B. The purpose of this chapter is to enunciate the public policies pertaining to governmental procurement from nongovernmental sources, to include governmental procurement that may or may not result in monetary consideration for either party. This chapter shall apply whether the consideration is monetary or nonmonetary and regardless of whether the public body, the contractor, or some third party is providing the consideration.

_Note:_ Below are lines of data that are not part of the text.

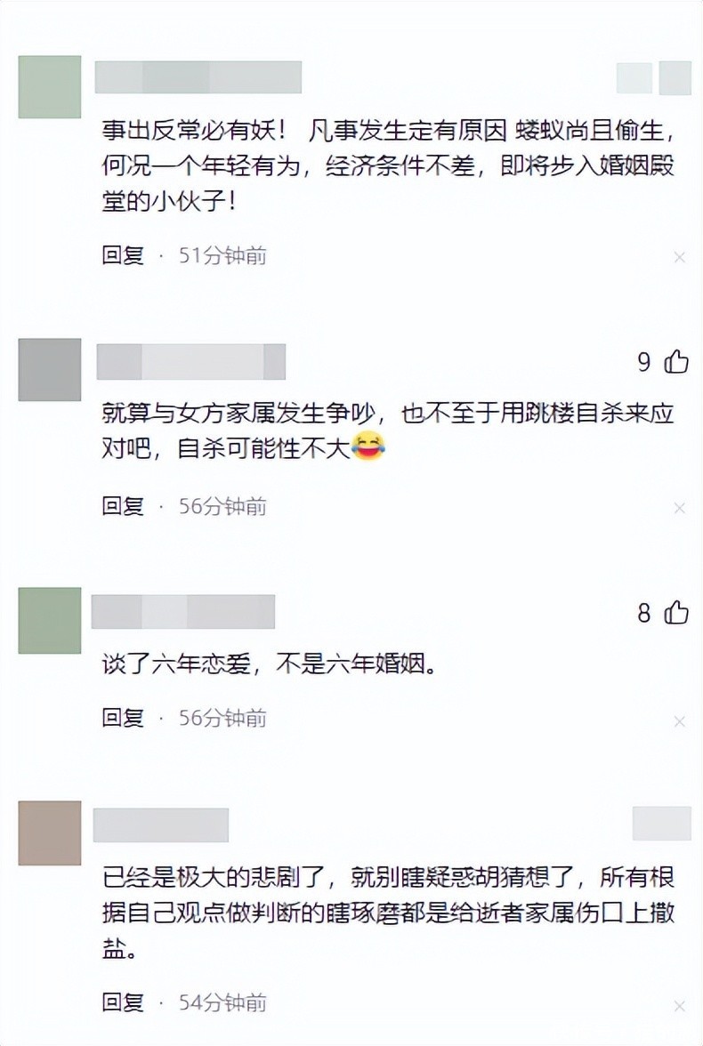 暗示婚礼前两人可能有过争吵,但邻居和亲友都表示没听说,甚至提出阳芳跳楼可能不是单纯殉情,而是“内心有愧”。
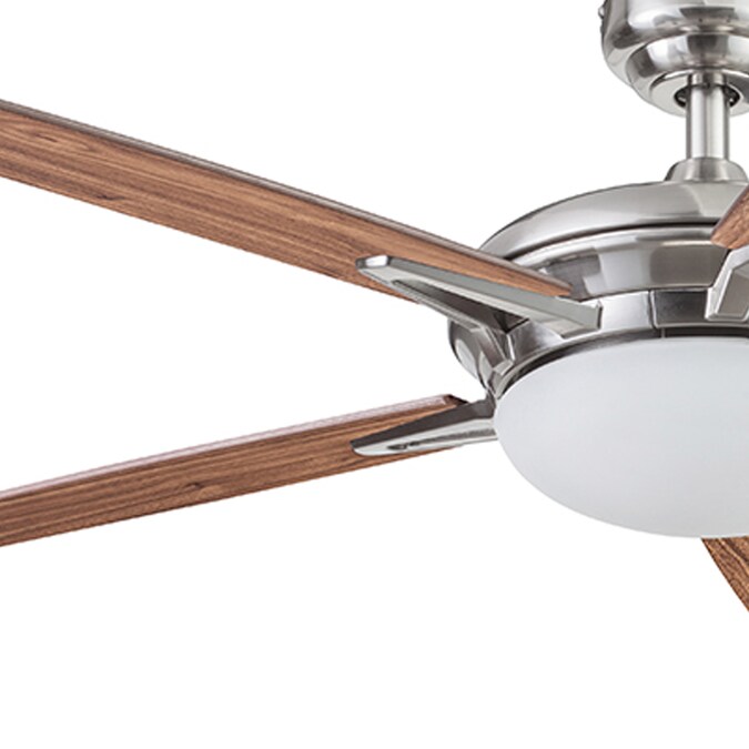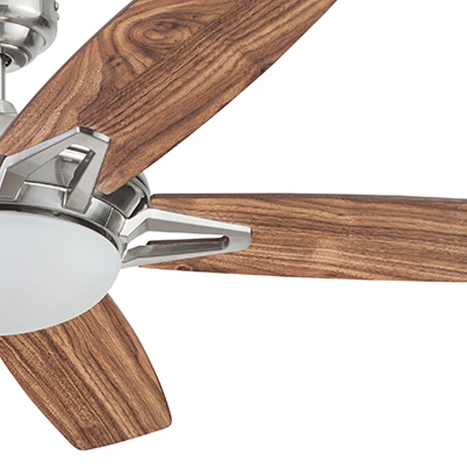 This 52-inch ceiling fan features a beautifully rounded integrated dome light which provides a perfect contrast to the sharp angles of the modern peep-hole blade arms creating a striking focal point. The brushed nickel finish boasts reversible caramel walnut/true brown blades. Each combination is expertly designed to add extra flair and perfectly accent a variety of different looks to have mass appeal. The powerful motor and design provides adjustable, reversible air movement that is ultra-efficient whether you want to cool down on those sweltering summer days or circulate warm air in the cold months of winter. The included remote controls the power, 3 speed settings of the fan, the reversible airflow and light as well for the ultimate convenience.
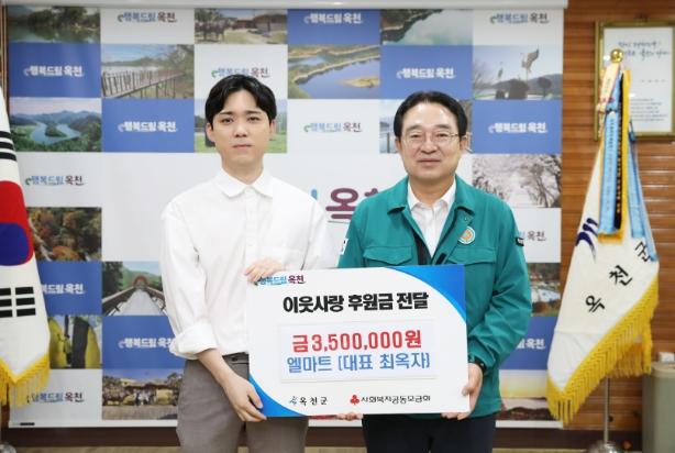 [뉴스서치] ㈜엘마트 옥천점(대표 최옥자)은 지난 17일 옥천군청을 방문해 옥천 지역사회공헌 프로그램의 일환인 ‘행복더하기 프로젝트’로 진행된 기부금 350만 원을 이웃사랑 후원금으로 기탁했다.
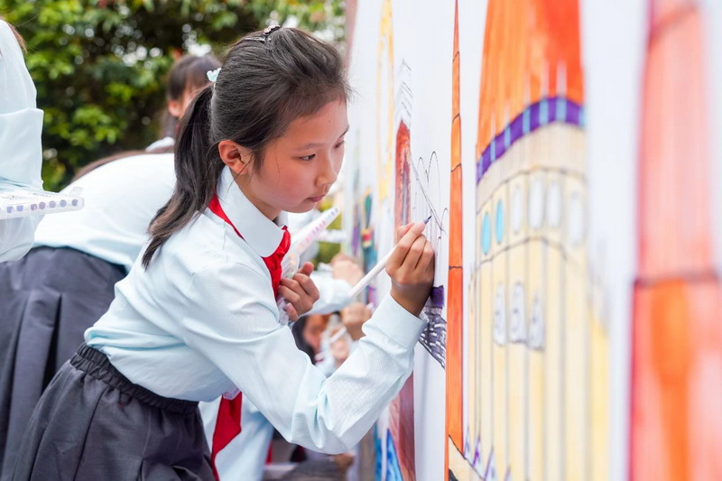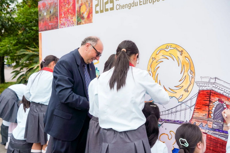 下午,彼得先生与我校学生在都江堰市工人文化宫共同完成了一幅长达5米的主题画作,画卷以成都、都江堰、匈牙利特色建筑为元素,通过抽象线条与写意色彩交融,展现“和而不同”的艺术理念。这幅作品不仅是中匈友谊的象征,更为两国民间文化交流增添了浓墨重彩的一笔。
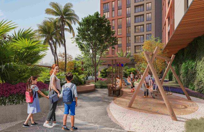 5 bin 500 metrekare arsa üzerinde 13 katlı iki blok halinde tasarlanan projede, 256 bağımsız bölümden oluşan konut ve ofisin yanında cadde mağazaları da yer alıyor.
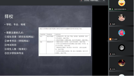 首先由成功考取南京大学的李楚培为大家分享经验。他从择校和考研科目两大方面入手,在择校方面,他建议准备考研的同学通过对学校、专业和地域的考量来确定院校,并到该相关网站查询招生目录、招生人数和参考书目等信息。在考研英语方面,李楚培介绍了英语复习的方法,总结了自己在复习英语时的一些常见问题并一一为大家解答,强调要依据个人情况制定复习计划。在考研政治上,他建议先看网课,看完基础知识后再刷题,最后在考前背大题。在专业课考试上,他以南大的考试要求为例,介绍了相关书目,指出同学们应通过自己画思维导图的方式来对所学知识进行整理和串联,并且在专业课的复习上应尽早开始。李楚培还给出了一些其他建议,如备战考研时应保证每周至少休息一天、多沟通并及时掌握信息、不要放弃等等。
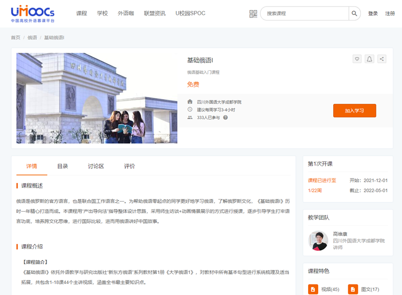 课程上线当天注册学习人数超过300人,优质的教学内容、精良的课程制作得到了Umoocs同仁及各高校俄语专业教师的高度认可。《基础俄语I》由开云APP(中国)官方下载 中东欧语言学院俄语专业教师团队历时一年自主研发、精心制作而成。依托新东方大学俄语系列教材第一册,对教材中所有基本句型进行了系统梳理及适当拓展,共包含44个主讲视频,涵盖全书最主要知识点。
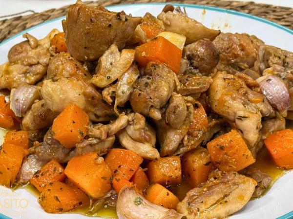 Pollo al ajillo con calabaza especiada
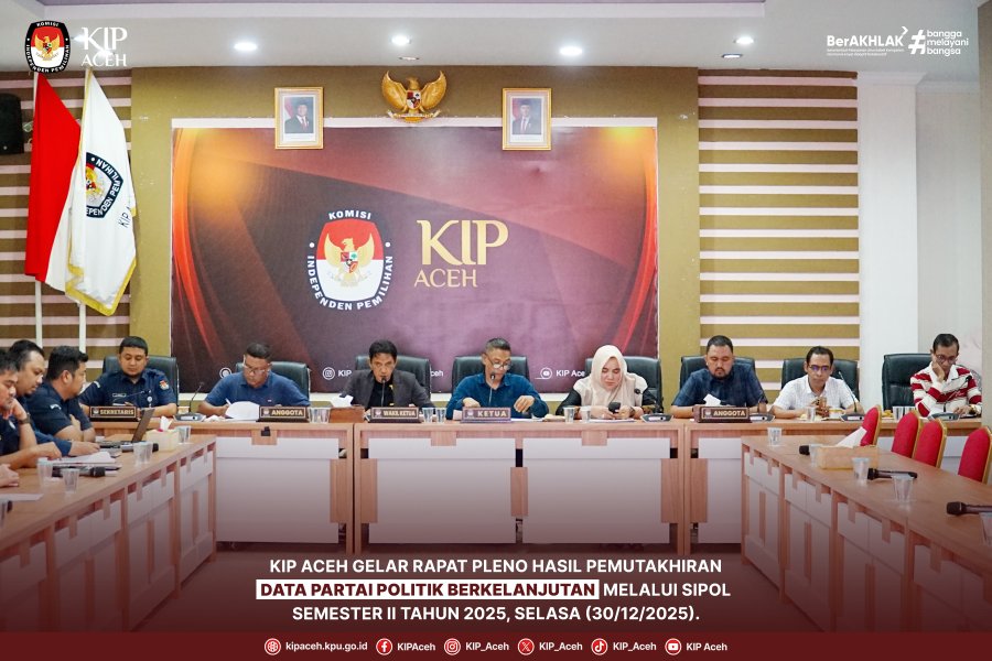 Saleum #TemanPemilih Komisi Independen Pemilihan (KIP) Aceh menggelar Rapat Pleno Hasil Pemutakhiran Data Partai Politik Berkelanjutan melalui Sistem Informasi Partai Politik (Sipol) Semester II Tahun 2025, yang berlangsung di Aula Kantor KIP Aceh, pada Selasa (30/12/2025).
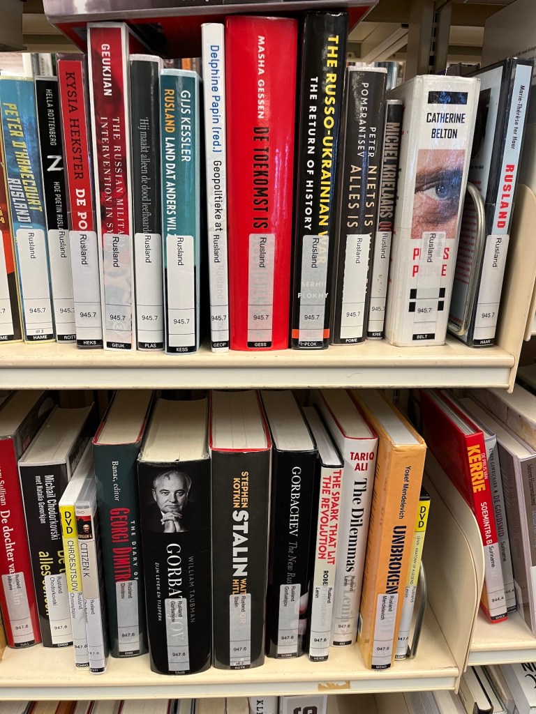 Bij de non-fictie valt het me op dat er ook veel Engelstalige boeken zijn, zoals hier bij de boeken over Rusland en over religie.
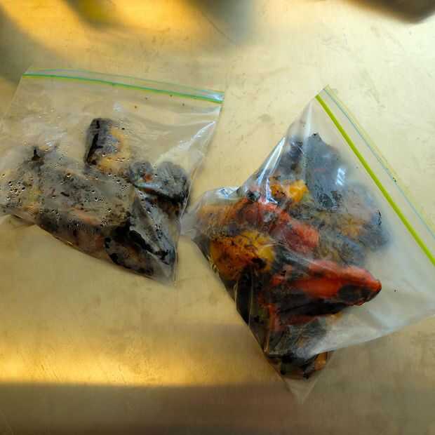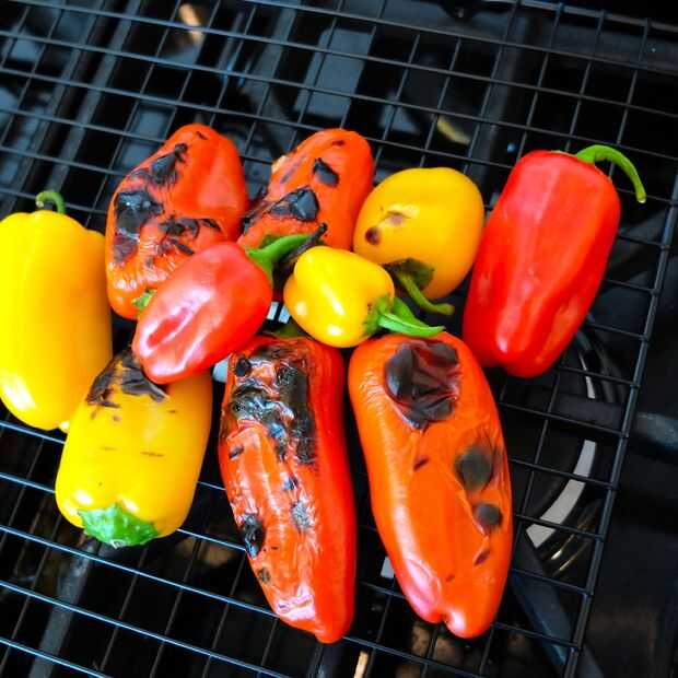 Básicamente vas a poner tus pimientos sobre un quemador de gas (o barbacoa) y charlas completamente, vuelta hasta que se ennegrecen uniformemente. Luego, colóquelos en una bolsa de plástico y dejarlos descansar. El vapor que destilan Afloje la piel carbonizada. Después de 10 minutos o más en la bolsa, puede pelar la piel carbonizada con la mano o con un cuchillo. Deseche las semillas y el tallo, y tienes los pimientos asados más sabrosos nunca.
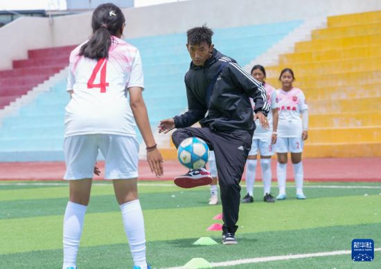 西藏日喀則市上海實(shí)驗(yàn)學(xué)?!爸榉逖棥迸幼闱蜿?duì)教練洛布桑在操場(chǎng)上指導(dǎo)球員訓(xùn)練(9月3日攝)。新華社記者 丁汀 攝
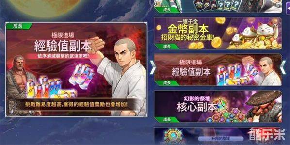 至于「经验值副本」、「金币副本」,经验值副本因为主线关卡就会掉经验水,我认为在最少进入困难经验副本前花体有点亏,推关推不动再重点农就好;金币副本除非你超级土豪,练一堆角色,不然前期需要钱就是「提升核心」,我目前只练三只,角色核心都还有跟上进度,因此很少打金币副本。(角色38以后才会开始缺钱)

C. To the end that public bodies in the Commonwealth obtain high quality goods and services at reasonable cost, that all procurement procedures be conducted in a fair and impartial manner with avoidance of any impropriety or appearance of impropriety, that all qualified vendors have access to public business and that no offeror be arbitrarily or capriciously excluded, it is the intent of the General Assembly that competition be sought to the maximum feasible degree, that procurement procedures involve openness and administrative efficiency, that individual public bodies enjoy broad flexibility in fashioning details of such competition, that the rules governing contract awards be made clear in advance of the competition, that specifications reflect the procurement needs of the purchasing body rather than being drawn to favor a particular vendor, and that the purchaser and vendor freely exchange information concerning what is sought to be procured and what is offered. Public bodies may consider best value concepts when procuring goods and nonprofessional services, but not construction or professional services. The criteria, factors, and basis for consideration of best value and the process for the consideration of best value shall be as stated in the procurement solicitation.
1982, c. 647, § 11-35; 1983, c. 593; 1984, c. 764; 1986, cc. 149, 212, 559; 1994, cc. 661, 918; 1995, c. 18; 1996, cc. 683, 1019; 1997, cc. 85, 488, 785, 861, 863; 1998, cc. 121, 132; 1999, cc. 230, 248, 735; 2000, cc. 29, 382, 400, 642, 644, 666, 703; 2001, cc. 392, 409, 736, 753, 774, 844.